# Klipsch RB - 81 II (review)



## Oleson M.D. (Feb 3, 2010)

Just got a pair of these gems on sale, from Klipsch.

They blew me away...completely! They outperform my VMPS Towers by a mile. The imaging, sound staging, and presence is amazing. And, my VMPS speakers are $$$. And this was in a small room, maybe 15' X 17'.

Ok, the VMPS towers do have more low bass impact and extension. Plus they can fill a huge room with sound.

I have been listening to some tracks by Lee Ritenour. "Wes Bound" is the CD. The tunes are great, with the guitar and bass coming through very clearly. 

But here was what got me and my wife...The 1812 Overture. Listen to the bells / chimes near the end. We closed our eyes as we listened, and both my wife and myself were transported to a church where the bells were ringing. It sounded that real! The violins and other strings in the recording have a depth and a richness to the tone that has to be heard to be believed. We musicians call it "timbre".

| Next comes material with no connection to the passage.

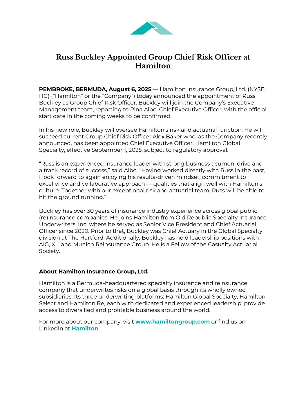Russ Buckley Appointed Group Chief Risk Officer at Hamilton PEMBROKE, BERMUDA, August 6, 2025 — Hamilton Insurance Group, Ltd. (NYSE: HG) (“Hamilton” or the “Company”) today announced the appointment of Russ Buckley as Group Chief Risk Officer. Buckley will join the Company’s Executive Management team, reporting to Pina Albo, Chief Executive Officer, with the official start date in the coming weeks to be confirmed. In his new role, Buckley will oversee Hamilton’s risk and actuarial function. He will succeed current Group Chief Risk Officer Alex Baker who, as the Company recently announced, has been appointed Chief Executive Officer, Hamilton Global Specialty, effective September 1, 2025, subject to regulatory approval. “Russ is an experienced insurance leader with strong business acumen, drive and a track record of success,” said Albo. “Having worked directly with Russ in the past, I look forward to again enjoying his results-driven mindset, commitment to excellence and collaborative approach — qualities that align well with Hamilton’s culture. Together with our exceptional risk and actuarial team, Russ will be able to hit the ground running.” Buckley has over 30 years of insurance industry experience across global public (re)insurance companies. He joins Hamilton from Old Republic Specialty Insurance Underwriters, Inc. where he served as Senior Vice President and Chief Actuarial Officer since 2020. Prior to that, Buckley was Chief Actuary in the Global Specialty division at The Hartford. Additionally, Buckley has held leadership positions with AIG, XL, and Munich Reinsurance Group. He is a Fellow of the Casualty Actuarial Society. About Hamilton Insurance Group, Ltd. Hamilton is a Bermuda-headquartered specialty insurance and reinsurance company that underwrites risks on a global basis through its wholly owned subsidiaries. Its three underwriting platforms: Hamilton Global Specialty, Hamilton Select and Hamilton Re, each with dedicated and experienced leadership, provide access to diversified and profitable business around the world. For more about our company, visit www.hamiltongroup.com or find us on LinkedIn at Hamilton

I like these so much that I ordered the Klipsch RC-64 II center channel speaker for my theater. These 81's were bought as the back rear channels for a 7.2 surround system. But they deserve a place up front! Where they can be appreciated by us music lovers. And, us videophiles!


----------



## theJman (Mar 3, 2012)

Glad to hear they worked out so well for you.


----------